If I am not wrong, all use cases of `read_command()` [0, 1],
in (at least) the grass-addons repository, do not consider an output
from `r.category` which includes labels.

[0] https://grass.osgeo.org/grass74/manuals/libpython/script.html?highlight=read_command#script.core.read_command
[1] https://grass.osgeo.org/grass75/manuals/libpython/script.html?highlight=read_command#script.core.read_command

I work on such a case where category numbers come along with label strings.
To read category numbers, I came up with:

import grass.script as grass
grass.read_command('r.category', map=base).split('\n')[:-1]

for category in categories:
        category = category.split('\t')[0]

Is there any other command that will do this better? Would you consider
adding one?

Nikos

Hi Nikos,

You could use numpy and genfromtxt() to parse the output string...
genfromtxt() requires an StringIO object (or file) and StringIO (from io) requires unicode()...

So you could do:

from io import StringIO
import numpy as np
output = np.genfromtxt(StringIO(unicode(grass.read_command('r.category', map=base))) , delimiter='\t', dtype=None, names=['cat', 'label'])

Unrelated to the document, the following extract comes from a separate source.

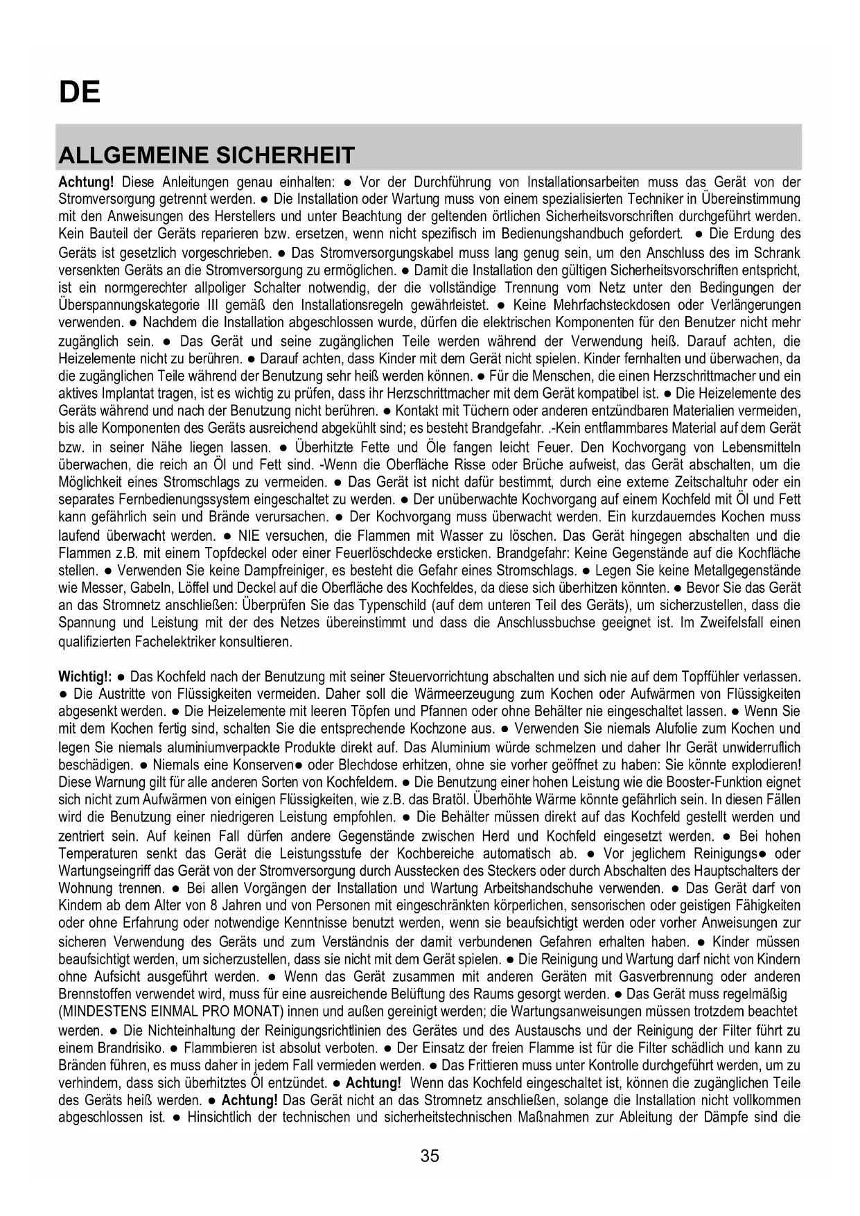 ALLGEMEINE SICHERHEIT Achtung! Diese Anleitungen genau einhalten: ● Vor der Durchführung von Installationsarbeiten muss das Gerät von der Stromversorgung getrennt werden. ● Die Installation oder Wartung muss von einem spezialisierten Techniker in Übereinstimmung mit den Anweisungen des Herstellers und unter Beachtung der geltenden örtlichen Sicherheitsvorschriften durchgeführt werden. Kein Bauteil der Geräts reparieren bzw. ersetzen, wenn nicht spezifisch im Bedienungshandbuch gefordert. ● Die Erdung des Geräts ist gesetzlich vorgeschrieben. ● Das Stromversorgungskabel muss lang genug sein, um den Anschluss des im Schrank versenkten Geräts an die Stromversorgung zu ermöglichen. ● Damit die Installation den gültigen Sicherheitsvorschriften entspricht, ist ein normgerechter allpoliger Schalter notwendig, der die vollständige Trennung vom Netz unter den Bedingungen der Überspannungskategorie III gemäß den Installationsregeln gewährleistet. ● Keine Mehrfachsteckdosen oder Verlängerungen verwenden. ● Nachdem die Installation abgeschlossen wurde, dürfen die elektrischen Komponenten für den Benutzer nicht mehr zugänglich sein. ● Das Gerät und seine zugänglichen Teile werden während der Verwendung heiß. Darauf achten, die Heizelemente nicht zu berühren. ● Darauf achten, dass Kinder mit dem Gerät nicht spielen. Kinder fernhalten und überwachen, da die zugänglichen Teile während der Benutzung sehr heiß werden können. ● Für die Menschen, die einen Herzschrittmacher und ein aktives Implantat tragen, ist es wichtig zu prüfen, dass ihr Herzschrittmacher mit dem Gerät kompatibel ist. ● Die Heizelemente des Geräts während und nach der Benutzung nicht berühren. ● Kontakt mit Tüchern oder anderen entzündbaren Materialien vermeiden, bis alle Komponenten des Geräts ausreichend abgekühlt sind; es besteht Brandgefahr. .-Kein entflammbares Material auf dem Gerät bzw. in seiner Nähe liegen lassen. ● Überhitzte Fette und Öle fangen leicht Feuer. Den Kochvorgang von Lebensmitteln überwachen, die reich an Öl und Fett sind. -Wenn die Oberfläche Risse oder Brüche aufweist, das Gerät abschalten, um die Möglichkeit eines Stromschlags zu vermeiden. ● Das Gerät ist nicht dafür bestimmt, durch eine externe Zeitschaltuhr oder ein separates Fernbedienungssystem eingeschaltet zu werden. ● Der unüberwachte Kochvorgang auf einem Kochfeld mit Öl und Fett kann gefährlich sein und Brände verursachen. ● Der Kochvorgang muss überwacht werden. Ein kurzdauerndes Kochen muss laufend überwacht werden. ● NIE versuchen, die Flammen mit Wasser zu löschen. Das Gerät hingegen abschalten und die Flammen z.B. mit einem Topfdeckel oder einer Feuerlöschdecke ersticken. Brandgefahr: Keine Gegenstände auf die Kochfläche stellen. ● Verwenden Sie keine Dampfreiniger, es besteht die Gefahr eines Stromschlags. ● Legen Sie keine Metallgegenstände wie Messer, Gabeln, Löffel und Deckel auf die Oberfläche des Kochfeldes, da diese sich überhitzen könnten. ● Bevor Sie das Gerät an das Stromnetz anschließen: Überprüfen Sie das Typenschild (auf dem unteren Teil des Geräts), um sicherzustellen, dass die Spannung und Leistung mit der des Netzes übereinstimmt und dass die Anschlussbuchse geeignet ist. Im Zweifelsfall einen qualifizierten Fachelektriker konsultieren. Wichtig!: ● Das Kochfeld nach der Benutzung mit seiner Steuervorrichtung abschalten und sich nie auf dem Topffühler verlassen. ● Die Austritte von Flüssigkeiten vermeiden. Daher soll die Wärmeerzeugung zum Kochen oder Aufwärmen von Flüssigkeiten abgesenkt werden. ● Die Heizelemente mit leeren Töpfen und Pfannen oder ohne Behälter nie eingeschaltet lassen. ● Wenn Sie mit dem Kochen fertig sind, schalten Sie die entsprechende Kochzone aus. ● Verwenden Sie niemals Alufolie zum Kochen und legen Sie niemals aluminiumverpackte Produkte direkt auf. Das Aluminium würde schmelzen und daher Ihr Gerät unwiderruflich beschädigen. ● Niemals eine Konserven● oder Blechdose erhitzen, ohne sie vorher geöffnet zu haben: Sie könnte explodieren! Diese Warnung gilt für alle anderen Sorten von Kochfeldern. ● Die Benutzung einer hohen Leistung wie die Booster-Funktion eignet sich nicht zum Aufwärmen von einigen Flüssigkeiten, wie z.B. das Bratöl. Überhöhte Wärme könnte gefährlich sein. In diesen Fällen wird die Benutzung einer niedrigeren Leistung empfohlen. ● Die Behälter müssen direkt auf das Kochfeld gestellt werden und zentriert sein. Auf keinen Fall dürfen andere Gegenstände zwischen Herd und Kochfeld eingesetzt werden. ● Bei hohen Temperaturen senkt das Gerät die Leistungsstufe der Kochbereiche automatisch ab. ● Vor jeglichem Reinigungs● oder Wartungseingriff das Gerät von der Stromversorgung durch Ausstecken des Steckers oder durch Abschalten des Hauptschalters der Wohnung trennen. ● Bei allen Vorgängen der Installation und Wartung Arbeitshandschuhe verwenden. ● Das Gerät darf von Kindern ab dem Alter von 8 Jahren und von Personen mit eingeschränkten körperlichen, sensorischen oder geistigen Fähigkeiten oder ohne Erfahrung oder notwendige Kenntnisse benutzt werden, wenn sie beaufsichtigt werden oder vorher Anweisungen zur sicheren Verwendung des Geräts und zum Verständnis der damit verbundenen Gefahren erhalten haben. ● Kinder müssen beaufsichtigt werden, um sicherzustellen, dass sie nicht mit dem Gerät spielen. ● Die Reinigung und Wartung darf nicht von Kindern ohne Aufsicht ausgeführt werden. ● Wenn das Gerät zusammen mit anderen Geräten mit Gasverbrennung oder anderen Brennstoffen verwendet wird, muss für eine ausreichende Belüftung des Raums gesorgt werden. ● Das Gerät muss regelmäßig (MINDESTENS EINMAL PRO MONAT) innen und außen gereinigt werden; die Wartungsanweisungen müssen trotzdem beachtet werden. ● Die Nichteinhaltung der Reinigungsrichtlinien des Gerätes und des Austauschs und der Reinigung der Filter füh

That causes however some overhead [1]. So if it makes sense depends on what you want to do with the data in the further processing chain...

Cheers
Stefan

1: https://docs.scipy.org/doc/numpy/user/basics.io.genfromtxt.html

-----Original Message-----
From: grass-dev <grass-dev-bounces@lists.osgeo.org> On Behalf Of Nikos Alexandris
Sent: søndag 19. august 2018 22:19
To: GRASS-GIS development mailing list <grass-dev@lists.osgeo.org>
Subject: [GRASS-dev] Parsing output of r.category which includes labels

If I am not wrong, all use cases of `read_command()` [0, 1], in (at least) the grass-addons repository, do not consider an output from `r.category` which includes labels.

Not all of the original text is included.